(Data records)
- Opening Delimiter -
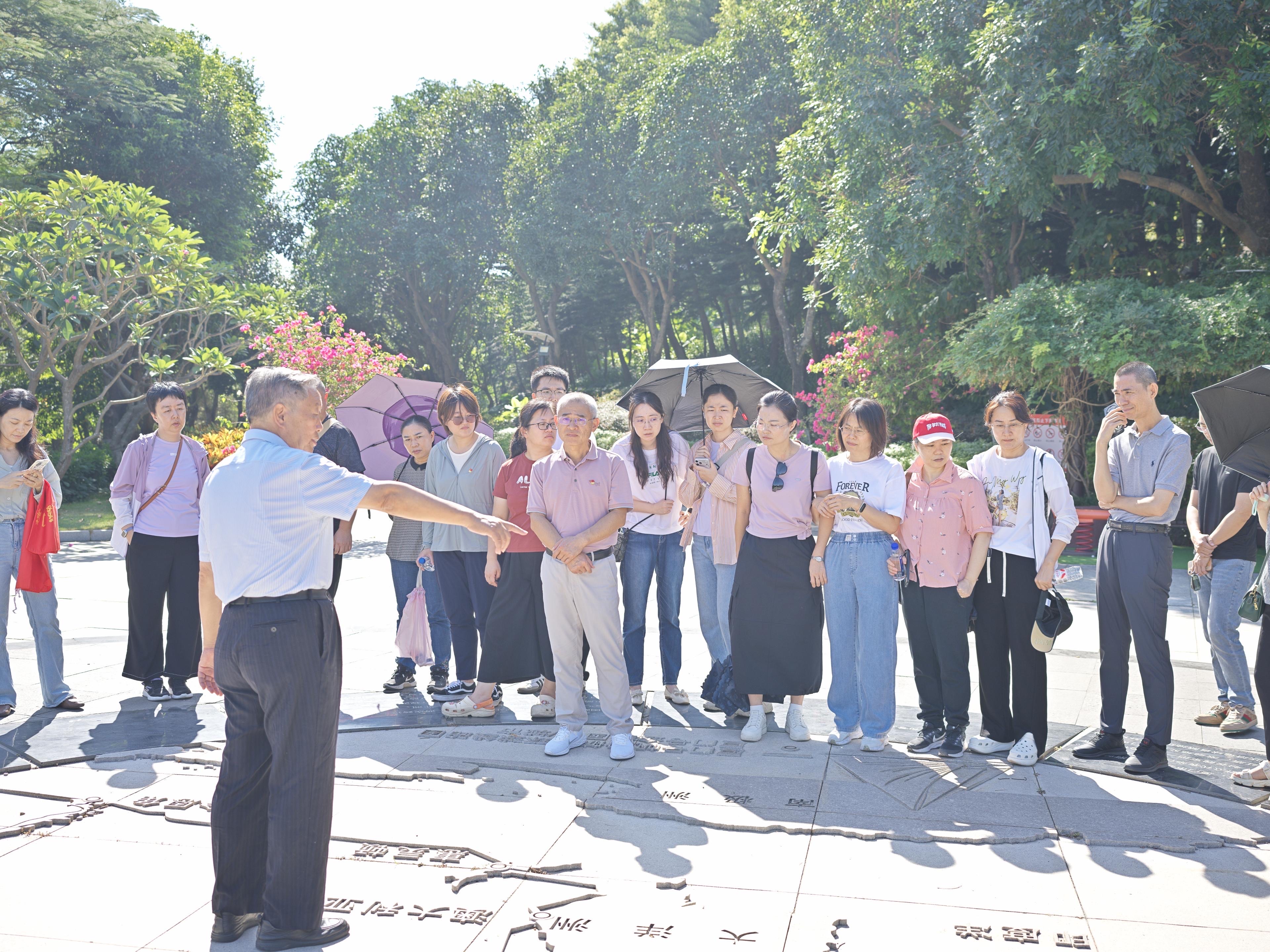 11月9日上午,国际商贸学院国商教研室党支部、物流管理教研室党支部与数智电商教研室党支部联合前往厦门五通灯塔公园,开展“纪念抗战胜利80周年”主题党日活动。特邀厦门市原副市长、市教育基金会原理事长潘世建先生全程讲解,学院党总支书记王火灵和教师党支部全体党员参加。
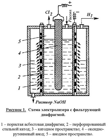 Электролиз раствора NaCl с твердым катодом и фильтрующей диафрагмой
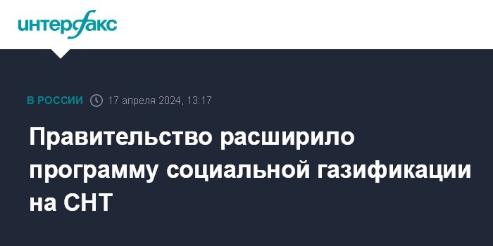 Москва. 17 апреля. INTERFAX.RU - Правительство расширило программу социальной газификации на садоводческие товарищества, сообщает сайт правительства и напоминает, что это сделано по поручению президента. Соответствующее постановление подписал премьер-министр Михаил Мишустин.
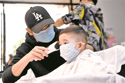 2月24日,在長(zhǎng)沙一理發(fā)店內(nèi),理發(fā)師在為小朋友理發(fā)。當(dāng)日是農(nóng)歷二月初二,民間有“二月二,剃龍頭”的傳統(tǒng)習(xí)俗,一些市民來(lái)到理發(fā)店理發(fā)。近日,長(zhǎng)沙部分理發(fā)店在做好新冠肺炎疫情防控的前提下,已有序恢復(fù)營(yíng)業(yè)。
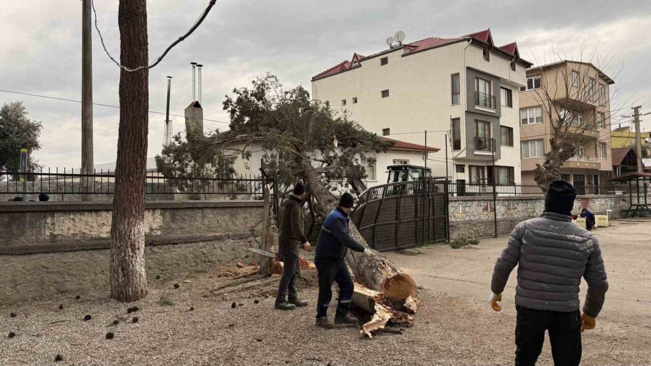 Bursa’nın İznik ilçesinde Mustafakemalpaşa Mahallesi’nde etkili olan şiddetli lodos, ilkokul ve ortaokulun ortak kullandığı okul bahçesinde bulunan büyük bir çam ağacının devrilmesine yol açtı. Ağaç, okul bahçesinin hemen yanındaki iki katlı bir evin çatısının üzerine düşerken, evde önemli hasar meydana geldi.
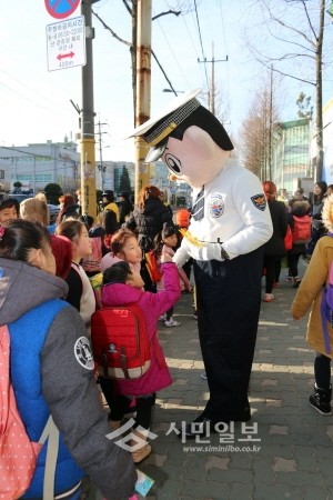 16일 인천중부경찰서는 동구 서흥초등학교에서 ‘안전한 통학로 만들기’ 캠페인을 전개했다. 사진은 경찰 마스코트인 포돌이가 학생들과 인사하는 모습.(사진제공=인천중부경찰서)
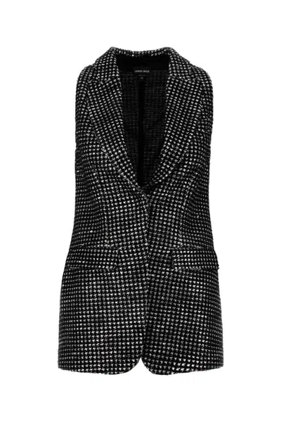 Giorgio Armani is a high-end label specializing in men's and women's ready-to-wear, accessories, glasses, cosmetics, and perfumes. It is available only in Giorgio Armani boutiques, specialty clothiers and select high-end department stores. The logo is a curved "G" completing a curved "A", forming a circle.
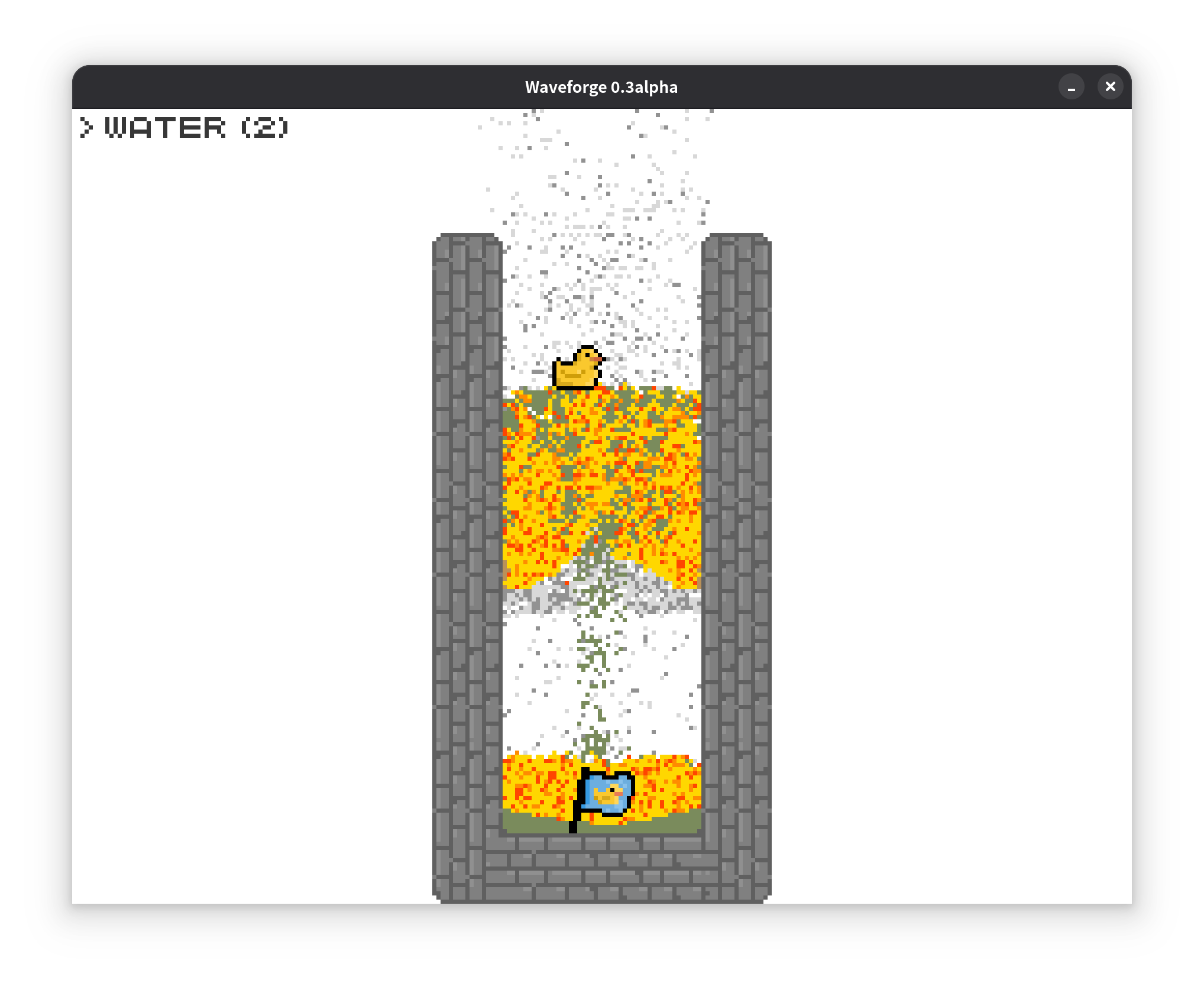 Waveforge is a 2D physics-based puzzle game where players manipulate water waves and emergent physical phenomena to guide a rubber duck to the goal. Set within a meticulously crafted pixel-art physics world reminiscent of Noita, it invites players to experience uniquely engaging physical interactions. Featuring over ten thoughtfully designed levels, the game delivers about 1 hour of delightfully challenging puzzle-solving gameplay.
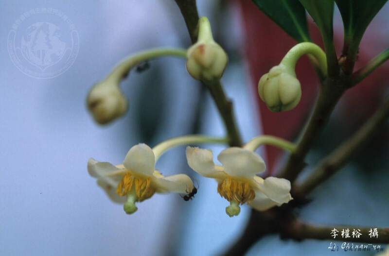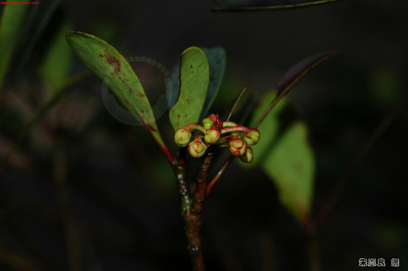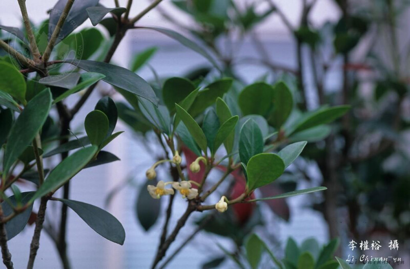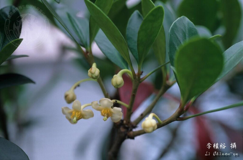小枝略具紅色。葉長橢圓形或長橢圓狀披針形,長 4-7 cm,全緣,先端鈍或圓,基部漸狹或楔形,全緣,兩面側脈不明顯。 (楊遠波、劉和義、呂勝由 1997)
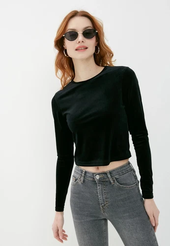 Topshop Womens Size 8-10 Top Cropped Velvet Crew Neck Long Sleeves
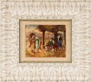 The artist demonstrates considerable skill with meticulous attention to period costume details and facial expressions. The background landscape employs softer techniques, creating atmospheric perspective with misty purple hills receding into the distance. This delightful scene captures the genteel social interactions characteristic of Regency-era society.
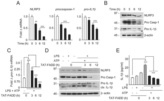 TAT-FADD suppresses proinflammatory activation of IL-1β. (A,B) HCT116 cells were treated with 5 µM of TAT-FADD for 3–12 h, (A) mRNA expression of NLRP3, procaspase-1, and pro-IL-1β, and (B) endogenous expression of NLRP3, procaspase-1 (pro Casp-1), and pro IL-1β by Western blot, molecular weight marker left to each blot. The 0 h represents untreated cells. (C–E) HCT 116 cells were primed with LPS (100 ng/mL, 12 h) and ATP (5 mM, 2 h) followed by treatment with 5 µM of TAT-FADD for 3–12 h and (C) mRNA expression of pro-IL-1β, (D) expression levels of endogenous NLRP3, procaspase-1, and pro IL-1β by Western blot, molecular weight marker left to each blot, and (E) levels of matured IL-1β was measured by ELISA assay from the culture supernatant. In (C,E) (white bar) and in (D) (lane 1), it represents un-primed and non-treated cells for 12 h taken as controls. In (A), significance is compared between non-treated (represents as 0 h) and TAT-FADD-treated cells; in (C), significance compared between non-treated (white bars) and LPS with ATP-primed cells (gray bars); and between LPS with ATP primed cells treated with TAT-FADD treated cells (black & dark gray bars respectively). h, hours. Mean ± SD; ** p ≤ 0.01 and *** p ≤ 0.001.
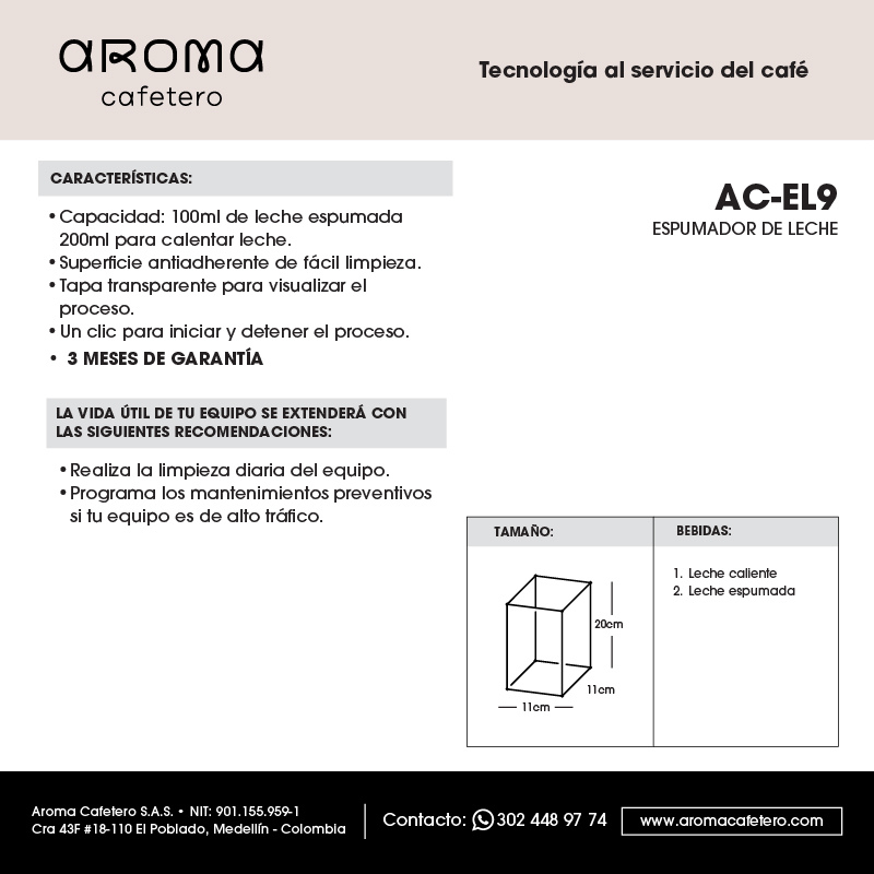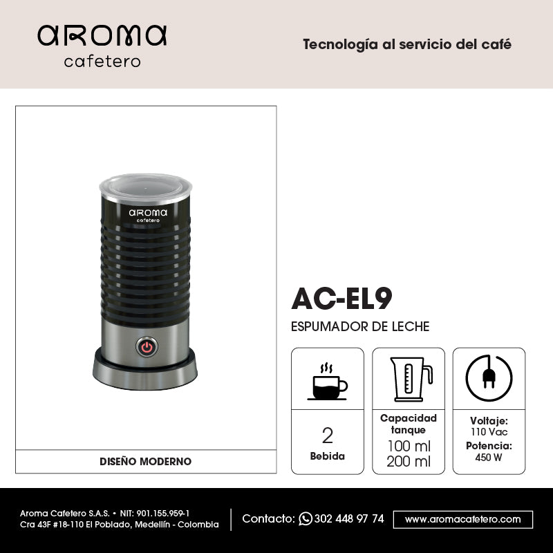 El espumador de leche eléctrico de 100 ml de Aroma Cafetero es la herramienta perfecta para elevar tus bebidas caseras al siguiente nivel de sabor y textura. Con su diseño compacto y color negro elegante, este espumador es ideal para crear esa espuma cremosa y perfecta que tanto amas en tus lattes, cappuccinos o incluso chocolate caliente.
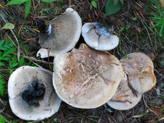 Die Oberfläche ist samtig-kurz weichhaarig, matt. Die Farbe junger Pilze ist schneeweiß und wechselt dann zu einem schmutzigen Grau mit braunbraunen oder beigen Flecken in den Vertiefungen. Bei erwachsenen Exemplaren hat der mittlere Teil eine kaffeemilchige, beige-braune, braun-rote Farbe und an den Rändern eine weiß-graue Kante.
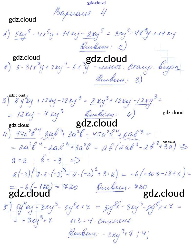 Ответ на задание вариант 4 Самостоятельные и контрольные работы Алгебра  за 7 (седьмой) класс Глазков, Гаиашвили УМК  2019
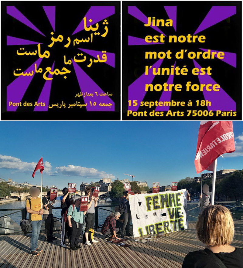 Nous étions certes peu nombreux sur la Passerelle du Pont des Arts à Paris, et nous les seuls soutiens français, mais nous avons pu mesurer l’importance de ces petites mobilisations, établir des liens avec plusieurs manifestantes, expliquer le sens de notre présence au combat commun contre l’impérialisme, le patriarcat, le fondamentalisme et la réaction.
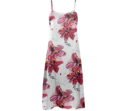 Loose flowy slip dress with adjustable spaghetti straps and 4 inch side slits.
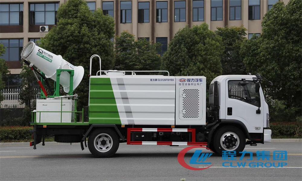上裝配置:罐體容積為 8立方,選配風送式霧炮機組射程30米、40米、50米、60米、80米、100米、120米霧炮,罐體鋼板為4mm碳鋼Q235材質(zhì),罐內(nèi)隔板具有防波作用,以減輕汽車行駛時罐體液體沖擊,罐體及整車外形尺寸按照公告。帶大功率專用灑水泵,泵可自吸自排,整車前沖、后灑、側(cè)噴、帶65消防接口,后平臺配CLW-50、CLW-60、CLW-80、CLW-100、CLW-120型風送式霧炮機組;罐體前封頭配大功率柴油發(fā)電機組;前封頭帶水位計,后平臺主管路帶1寸澆花接口,后爬梯。帶兩根輸水管及陰陽端。罐體顏色:銀/灰/綠,罐體兩側(cè)噴“多功能抑塵車”字樣,貼反光標示。
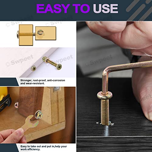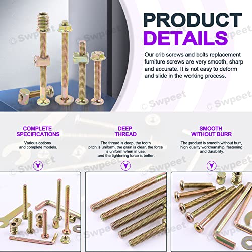 Swpeet 253Pcs M6 x 25/35/45/55/65/75mm Zinc Plated Crib Hardware Screws Kit, Hex Socket Head Cap Crib Bed Bolt and Barrel Nuts Flat Washer and Flange Nuts with Threaded Insert Nuts
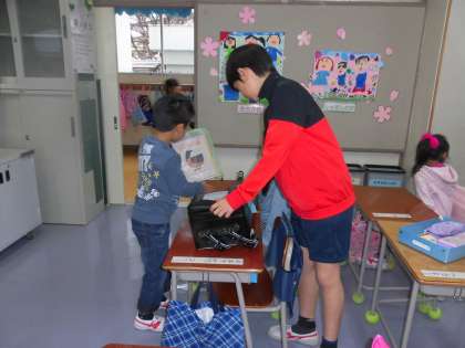 次の日ぁらは、靴箱の使い方、朝の支度のお手伝いをしてくれています。
- Closing Delimiter -
What you will do => Give the data above again, exactly, with every picture removed.

Answer space =>
 11月9日上午,国际商贸学院国商教研室党支部、物流管理教研室党支部与数智电商教研室党支部联合前往厦门五通灯塔公园,开展“纪念抗战胜利80周年”主题党日活动。特邀厦门市原副市长、市教育基金会原理事长潘世建先生全程讲解,学院党总支书记王火灵和教师党支部全体党员参加。
 Электролиз раствора NaCl с твердым катодом и фильтрующей диафрагмой
 Москва. 17 апреля. INTERFAX.RU - Правительство расширило программу социальной газификации на садоводческие товарищества, сообщает сайт правительства и напоминает, что это сделано по поручению президента. Соответствующее постановление подписал премьер-министр Михаил Мишустин.
 2月24日,在長(zhǎng)沙一理發(fā)店內(nèi),理發(fā)師在為小朋友理發(fā)。當(dāng)日是農(nóng)歷二月初二,民間有“二月二,剃龍頭”的傳統(tǒng)習(xí)俗,一些市民來(lái)到理發(fā)店理發(fā)。近日,長(zhǎng)沙部分理發(fā)店在做好新冠肺炎疫情防控的前提下,已有序恢復(fù)營(yíng)業(yè)。
 Bursa’nın İznik ilçesinde Mustafakemalpaşa Mahallesi’nde etkili olan şiddetli lodos, ilkokul ve ortaokulun ortak kullandığı okul bahçesinde bulunan büyük bir çam ağacının devrilmesine yol açtı. Ağaç, okul bahçesinin hemen yanındaki iki katlı bir evin çatısının üzerine düşerken, evde önemli hasar meydana geldi.
 16일 인천중부경찰서는 동구 서흥초등학교에서 ‘안전한 통학로 만들기’ 캠페인을 전개했다. 사진은 경찰 마스코트인 포돌이가 학생들과 인사하는 모습.(사진제공=인천중부경찰서)
 Giorgio Armani is a high-end label specializing in men's and women's ready-to-wear, accessories, glasses, cosmetics, and perfumes. It is available only in Giorgio Armani boutiques, specialty clothiers and select high-end department stores. The logo is a curved "G" completing a curved "A", forming a circle.
 Waveforge is a 2D physics-based puzzle game where players manipulate water waves and emergent physical phenomena to guide a rubber duck to the goal. Set within a meticulously crafted pixel-art physics world reminiscent of Noita, it invites players to experience uniquely engaging physical interactions. Featuring over ten thoughtfully designed levels, the game delivers about 1 hour of delightfully challenging puzzle-solving gameplay.
小枝略具紅色。葉長橢圓形或長橢圓狀披針形,長 4-7 cm,全緣,先端鈍或圓,基部漸狹或楔形,全緣,兩面側脈不明顯。 (楊遠波、劉和義、呂勝由 1997)
 Topshop Womens Size 8-10 Top Cropped Velvet Crew Neck Long Sleeves
 The artist demonstrates considerable skill with meticulous attention to period costume details and facial expressions. The background landscape employs softer techniques, creating atmospheric perspective with misty purple hills receding into the distance. This delightful scene captures the genteel social interactions characteristic of Regency-era society.
 TAT-FADD suppresses proinflammatory activation of IL-1β. (A,B) HCT116 cells were treated with 5 µM of TAT-FADD for 3–12 h, (A) mRNA expression of NLRP3, procaspase-1, and pro-IL-1β, and (B) endogenous expression of NLRP3, procaspase-1 (pro Casp-1), and pro IL-1β by Western blot, molecular weight marker left to each blot. The 0 h represents untreated cells. (C–E) HCT 116 cells were primed with LPS (100 ng/mL, 12 h) and ATP (5 mM, 2 h) followed by treatment with 5 µM of TAT-FADD for 3–12 h and (C) mRNA expression of pro-IL-1β, (D) expression levels of endogenous NLRP3, procaspase-1, and pro IL-1β by Western blot, molecular weight marker left to each blot, and (E) levels of matured IL-1β was measured by ELISA assay from the culture supernatant. In (C,E) (white bar) and in (D) (lane 1), it represents un-primed and non-treated cells for 12 h taken as controls. In (A), significance is compared between non-treated (represents as 0 h) and TAT-FADD-treated cells; in (C), significance compared between non-treated (white bars) and LPS with ATP-primed cells (gray bars); and between LPS with ATP primed cells treated with TAT-FADD treated cells (black & dark gray bars respectively). h, hours. Mean ± SD; ** p ≤ 0.01 and *** p ≤ 0.001.
 El espumador de leche eléctrico de 100 ml de Aroma Cafetero es la herramienta perfecta para elevar tus bebidas caseras al siguiente nivel de sabor y textura. Con su diseño compacto y color negro elegante, este espumador es ideal para crear esa espuma cremosa y perfecta que tanto amas en tus lattes, cappuccinos o incluso chocolate caliente.
 Die Oberfläche ist samtig-kurz weichhaarig, matt. Die Farbe junger Pilze ist schneeweiß und wechselt dann zu einem schmutzigen Grau mit braunbraunen oder beigen Flecken in den Vertiefungen. Bei erwachsenen Exemplaren hat der mittlere Teil eine kaffeemilchige, beige-braune, braun-rote Farbe und an den Rändern eine weiß-graue Kante.
 Ответ на задание вариант 4 Самостоятельные и контрольные работы Алгебра  за 7 (седьмой) класс Глазков, Гаиашвили УМК  2019
 Nous étions certes peu nombreux sur la Passerelle du Pont des Arts à Paris, et nous les seuls soutiens français, mais nous avons pu mesurer l’importance de ces petites mobilisations, établir des liens avec plusieurs manifestantes, expliquer le sens de notre présence au combat commun contre l’impérialisme, le patriarcat, le fondamentalisme et la réaction.
 Loose flowy slip dress with adjustable spaghetti straps and 4 inch side slits.
上裝配置:罐體容積為 8立方,選配風送式霧炮機組射程30米、40米、50米、60米、80米、100米、120米霧炮,罐體鋼板為4mm碳鋼Q235材質(zhì),罐內(nèi)隔板具有防波作用,以減輕汽車行駛時罐體液體沖擊,罐體及整車外形尺寸按照公告。帶大功率專用灑水泵,泵可自吸自排,整車前沖、后灑、側(cè)噴、帶65消防接口,后平臺配CLW-50、CLW-60、CLW-80、CLW-100、CLW-120型風送式霧炮機組;罐體前封頭配大功率柴油發(fā)電機組;前封頭帶水位計,后平臺主管路帶1寸澆花接口,后爬梯。帶兩根輸水管及陰陽端。罐體顏色:銀/灰/綠,罐體兩側(cè)噴“多功能抑塵車”字樣,貼反光標示。
 Swpeet 253Pcs M6 x 25/35/45/55/65/75mm Zinc Plated Crib Hardware Screws Kit, Hex Socket Head Cap Crib Bed Bolt and Barrel Nuts Flat Washer and Flange Nuts with Threaded Insert Nuts
 次の日ぁらは、靴箱の使い方、朝の支度のお手伝いをしてくれています。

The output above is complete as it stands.